The model and its parameters obtained using present-day data are applied to the late Holocene in the following sections. This assumes that no changes in watershed settings during that period caused any substantial changes in precipitation-lake-inflow relationships and, in particular, watershed vegetation and potential evapotranspiration are similar to conditions during the model-development interval. This assumption is supported by different studies on speleothem records and confirms that during the late Holocene, vegetation (Keinan, Reference Keinan2016), air temperature, relative humidity (Affek et al., Reference Affek, Bar-Matthews, Ayalon, Matthews and Eiler2008), and sea surface temperature (Almogi-Labin et al., Reference Almogi-Labin, Bar-Matthews, Shriki, Kolosovsky, Paterne, Schilman, Ayalon, Aizenshtat and Matthews2009) over the eastern Mediterranean were mostly similar to present-day conditions.

Statistical properties of annual precipitation data and precipitation ensembles

Precipitation regime is represented here by the statistical properties of annual precipitation data (i.e., mean, standard deviation, probability distribution, and autocorrelation). For present-day climatic conditions, the statistical properties of the randomly generated synthetic annual precipitation data should match those of observations, whereas those properties need to be altered for wetter or drier conditions.

The Kfar Giladi annual precipitation data for 1930–2015 were examined (Fig. 6a). The MAP is 779 mm/yr, with a standard deviation of 201 mm/yr and an insignificant lag-1 autocorrelation (R<0.001), supporting the assumption of independence between precipitation amounts in two consecutive years. While we concluded that normal, lognormal, and gamma distribution functions fit the annual precipitation record, the normal distribution was selected for further analysis (Fig. 6b) due to its convenient properties and the possibility of changing the parameters, namely, the mean, µ, and standard deviation, σ, of the annual precipitation, to represent different climatic regimes, as explained below.
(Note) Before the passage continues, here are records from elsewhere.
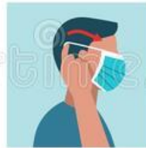
REMOVE THE MASK FROM BEHIND BY HOLDING THE STRINGS WITH CLEAN HANDS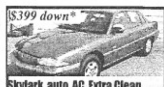
$399 down* Skylark, auto, AC, Extra Clean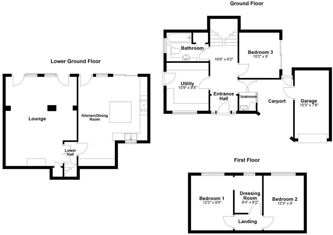
Total area: approx. 1540.5 sq. feet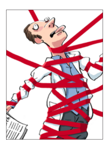
Regulation of clinical research, p 1085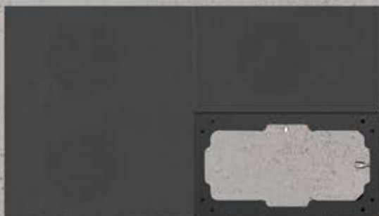
Step4: till the last panel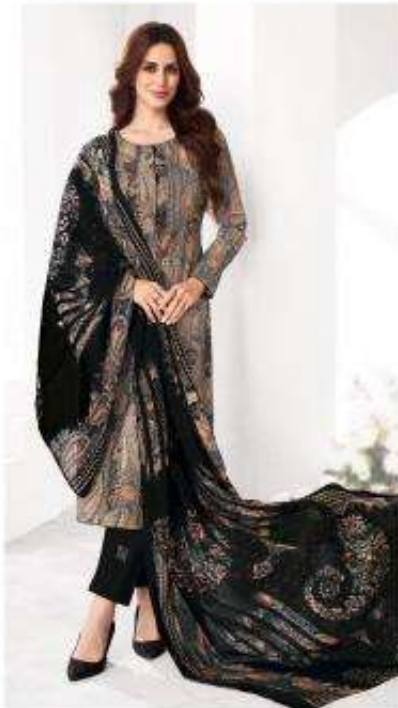
501 - D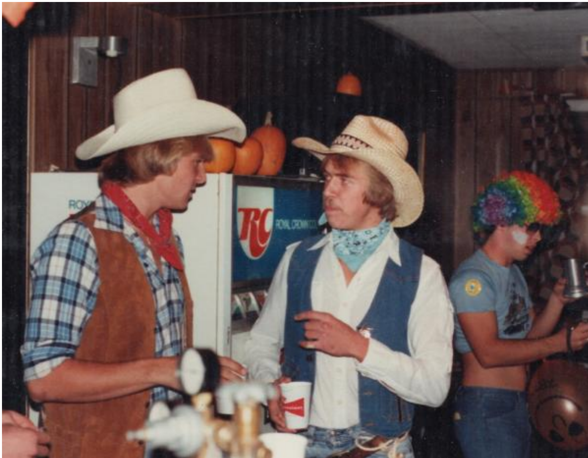
The cowboys discuss their roundup plans for the night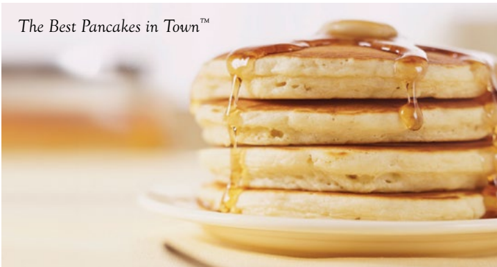
The Best Pancakes in Town™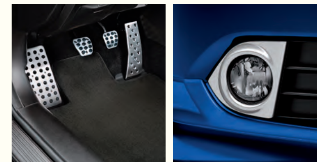
> Sports pedals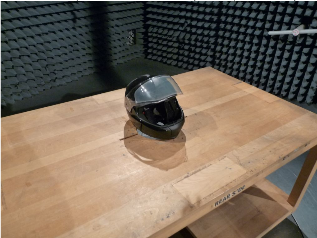
Photo 2: Test setup for radiated measurements (Enclosure, 30 MHz to 1 GHz)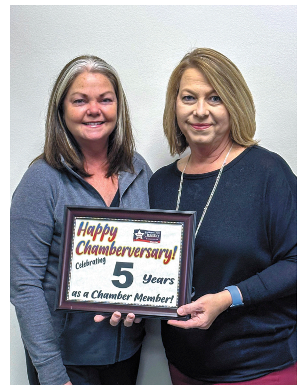
Kmieciak Construction 5 years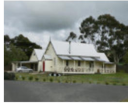
Former Presbyterian Church, 143 Russells Bridge Road, Russells Bridge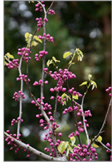
Pink Pom Poms Redbud flowers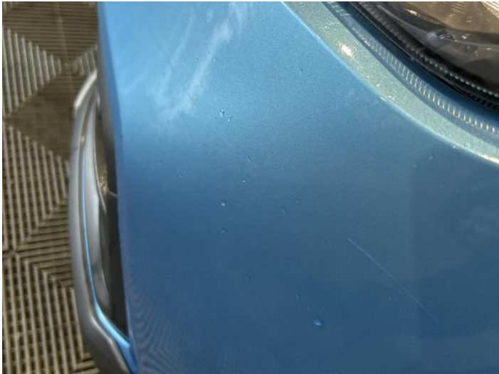
4: Bumper Front Scratched Over 25mm Not Thru Paint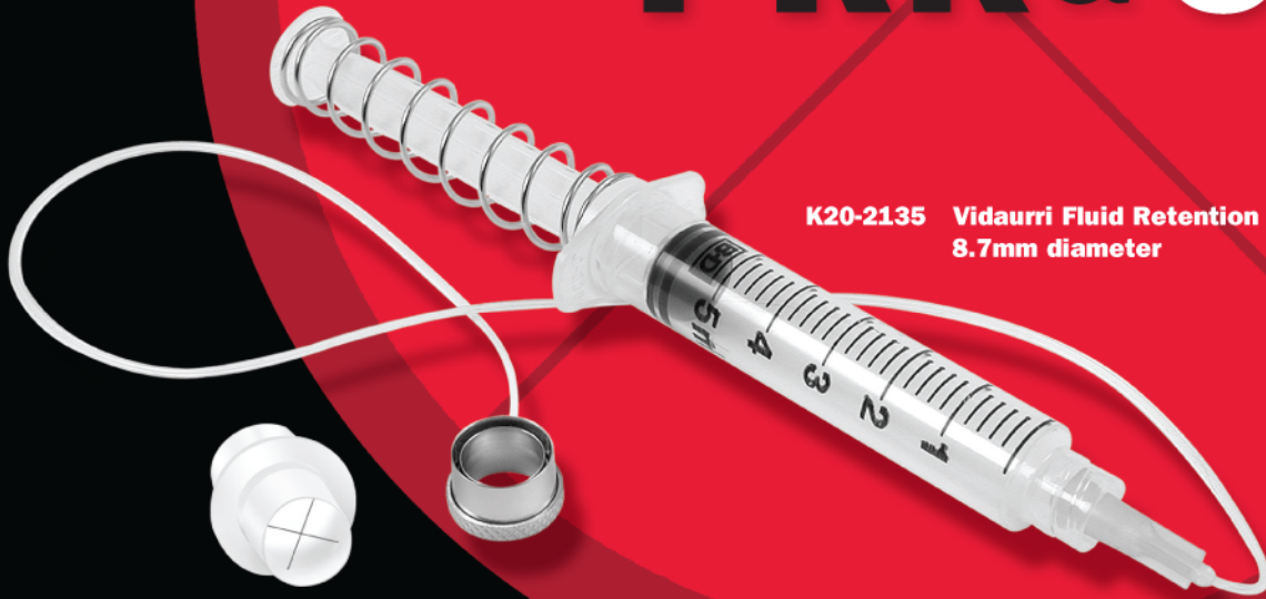
K20-2135 Vidaurri Fluid Retention Ring, 8.7mm diameter

To simulate drier and wetter climatic conditions, we examined the relations between the two normal distribution parameters for a range of precipitation regimes. We used precipitation records of the European Climate Assessment and Dataset (ECA&D; Tank et al., Reference Tank, Wijngaard, Können, Böhm, Demarée, Gocheva and Mileta2002) containing long-term high-quality daily observational series from stations in Europe and the Mediterranean. Annual precipitation data were computed, and station records were included in the analysis if three conditions were met: (1) at least 40 yr of data are available for the 50-yr span of 1960–2010, (2) MAP is in the range of 200–2000 mm/yr, and (3) precipitation in October–May comprises at least 70% of the annual precipitation. The normal distribution showed a good fit with most (more than 95%) of the 215 stations that met the above criteria in the database used. The relationships between MAP and standard deviation of annual precipitation were close to linear (Fig. 6c). This linear relationship was used to derive the standard deviation parameter σ for any simulated MAP µ:

(4)$$\sigma {\equals}0.16{\times}\mu {\plus}50$$

An underlying assumption is that the above relationship, obtained from present-day climatic conditions in the Mediterranean and Europe, is also valid for the late Holocene. Other probability-distribution functions (lognormal and gamma) also fit the data well in many cases, but an adequate method for shifting between precipitation regimes could not be identified, supporting use of the normal distribution for the current study.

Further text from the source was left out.